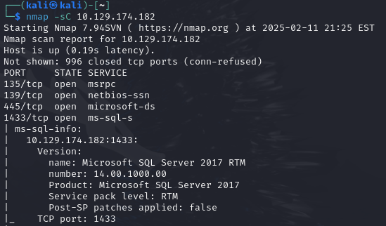 在進行滲透測試時,初步偵查能夠揭露目標系統的潛在弱點。本次分析中,我們發現目標伺服器開放了 SMB(Server Message Block)服務於 445 或 139 端口,並於 1433 端口運行 Microsoft SQL Server 2017
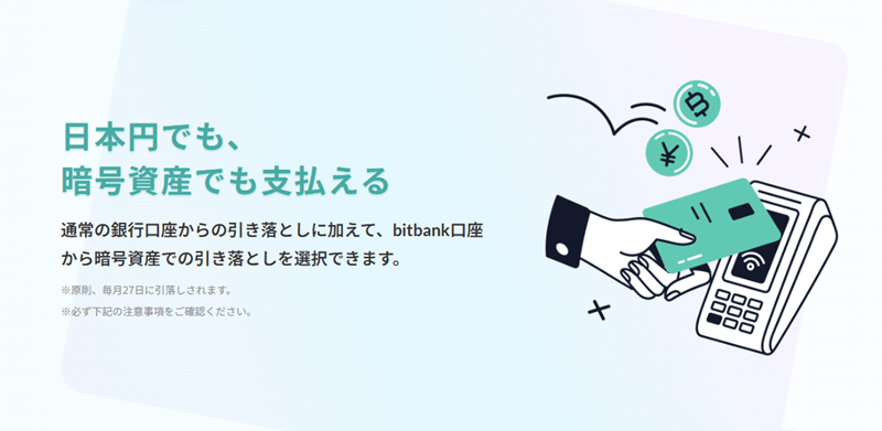 そのため、利用代金の引き落しにおいて「暗号資産取引所(bitbank)」を選択すると、「金融機関」(日本円での引き落とし)を選択した場合よりも割高な支払いとなります。
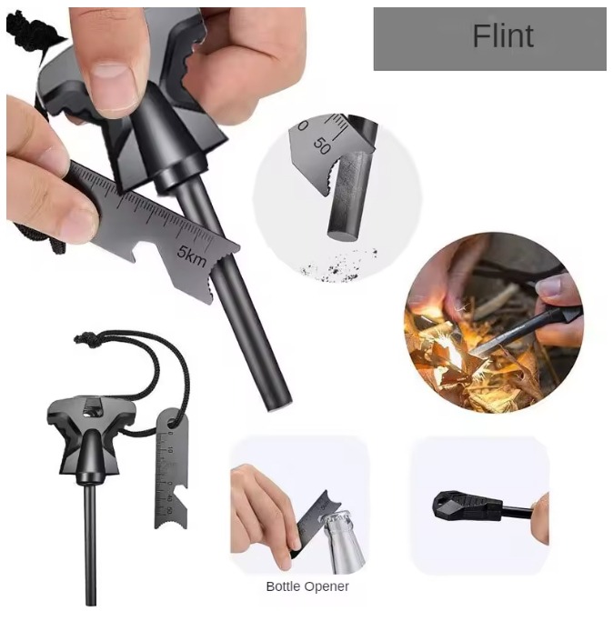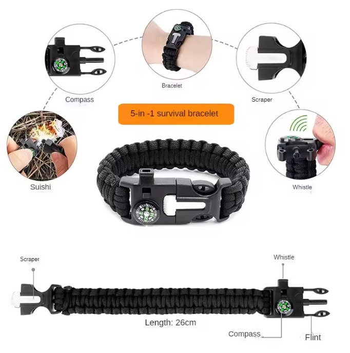 دستبند بقا 5کاره (آتشزنه، سوت اضطراری، قطبنما، ابزار برش و طناب مقاوم)
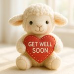 Featuring a fluffy lamb soft toy holding a red heart with the words 'Get Well Soon' stitched on it.

**PROBLEM REQUIREMENTS**
Provide a precise transcription of the listing, excluding each picture.

**WORKED SOLUTION**
 在進行滲透測試時,初步偵查能夠揭露目標系統的潛在弱點。本次分析中,我們發現目標伺服器開放了 SMB(Server Message Block)服務於 445 或 139 端口,並於 1433 端口運行 Microsoft SQL Server 2017
 そのため、利用代金の引き落しにおいて「暗号資産取引所(bitbank)」を選択すると、「金融機関」(日本円での引き落とし)を選択した場合よりも割高な支払いとなります。
 دستبند بقا 5کاره (آتشزنه، سوت اضطراری، قطبنما، ابزار برش و طناب مقاوم)
 Featuring a fluffy lamb soft toy holding a red heart with the words 'Get Well Soon' stitched on it.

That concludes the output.